Nîmes. Mit dreckverschmierten Gesichtern standen André Greipel und Marcel Kittel im Zielbereich von Nîmes und schoben Frust. In einem chaotischen Finale der regenreichen 15. Etappe hatte das Duo die Neuauflage der deutschen Sprinter-Festspiele der ersten Tour-Woche klar verfehlt. Zum Spielverderber, der Ausreißer Jack Bauer und Martin Elmiger, wurde stattdessen Tagessieger Alexander Kristoff, der die beiden Flüchtlinge wenige Meter vor dem Ziel um den Lohn brachte. „Es ging drunter und drüber. Die richtige Position zu bekommen, war wie eine Lotterie“, sagte Kittel, der sich mit dem elften Platz begnügen musste: „Bei 400 Meter habe ich keine Lücke mehr gehabt und gemerkt, dass es vorbei ist.“

Lange Zeit hatte sich das Peloton um den unantastbaren Gesamtführenden Vincenzo Nibali, der tags zuvor in den Alpen den nächsten großen Schritt zu seinem ersten Tour-Sieg gemacht hatte, am Sonntag auf der 222 Kilometer langen Etappe von Tallard nach Nîmes mit extrem schlechtem Wetter herumgeplagt. Erst rund zehn Kilometer vor dem Ziel klarte der Himmel auf. „Wir haben halt kein Dach und können nicht auf besseres Wetter warten. Es war schwer, im Regen etwas zu sehen“, sagte Greipel, am Ende Etappenfünfter.

Beinahe hätte das Hauptfeld die beiden Flüchtlinge, die sich kurz nach dem Start auf die Reise gemacht hatten, komplett aus den Augen verloren – wohl auch bedingt durch die schlechten Straßenverhältnisse. „Die Straßen waren ultraglatt. Einmal habe ich gedacht, jetzt stürze ich“, sagte Kittel. Besonders die vielen Kreisverkehre stellten das Feld vor enorme Probleme. „Ich hatte heute einfach keine Eier, mit vollem Tempo in den Kreisverkehr zu gehen“, sagte Kittels Teamkollege John Degenkolb. Eine geordnete Sprintvorbereitung war damit praktisch unmöglich.

Das Duo Elmiger und Bauer wehrte sich mit allen Mitteln gegen die heraneilende Meute, bei der Flamme Rouge, der Ein-Kilometer-Markierung, betrug der Vorsprung noch 15 Sekunden. Doch am Ende fehlten wenige Meter. Als Bauer die Ziellinie bereits in Sicht hatte, flogen die Top-Sprinter doch noch vorbei. Der Neuseeländer vergoss im Ziel bittere Tränen.
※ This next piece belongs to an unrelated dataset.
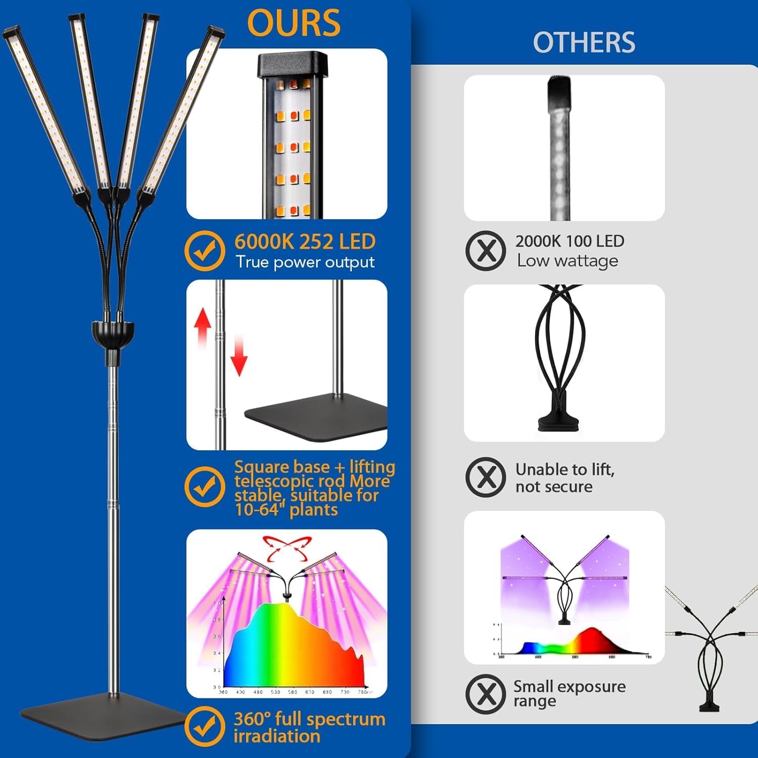 【ADJUSTABLE BRIGHTNESS】:Grow light indoor plants use 10 brightness adjustment, ranging from 10% to 100%, we can switch at will, plant grow lights indoor according to your needs to adjust the light intensity of different plants or growth stages, providing huge lighting power, plant growth rate is more than 5 times that of nature, without the need for high electricity bills.

Enttäuscht war auch Greipel. „Ich hatte nicht den Punch, weil ich auch früh in den Wind musste“, sagte der Rostocker. Wieder mal zu den Verlieren gehörte der slowakische Sprint-Star Peter Sagan (Cannondale). Der 24 Jahre alte Träger des Grünen Trikots wurde Dritter und wartet damit dieses Jahr weiter auf einen Etappensieg

Glück brauchte der Gesamtführende Nibali am Sonnabend nicht. Auf der zweiten Alpenetappe nach Risoul baute der Italiener vom Team Astana durch seinen zweiten Platz den Vorsprung in der Gesamtwertung aus – stolze 4:37 Minuten liegt Nibali vor dem Spanier Alejandro Valverde (Movistar). Nur ein schwerer Einbruch in den Pyrenäen kann den Sizilianer Nibali noch den ersehnten Triumph bei der Grande Boucle kosten. „Es war mir wichtig, jede Attacke zu stellen. Das ist sehr gut gelungen“, sagte der 29-Jährige. Gelingt ihm das, wäre der „Hai von Messina“ der erste italienische Tour-Sieger seit dem gedopten Marco Pantani 1998.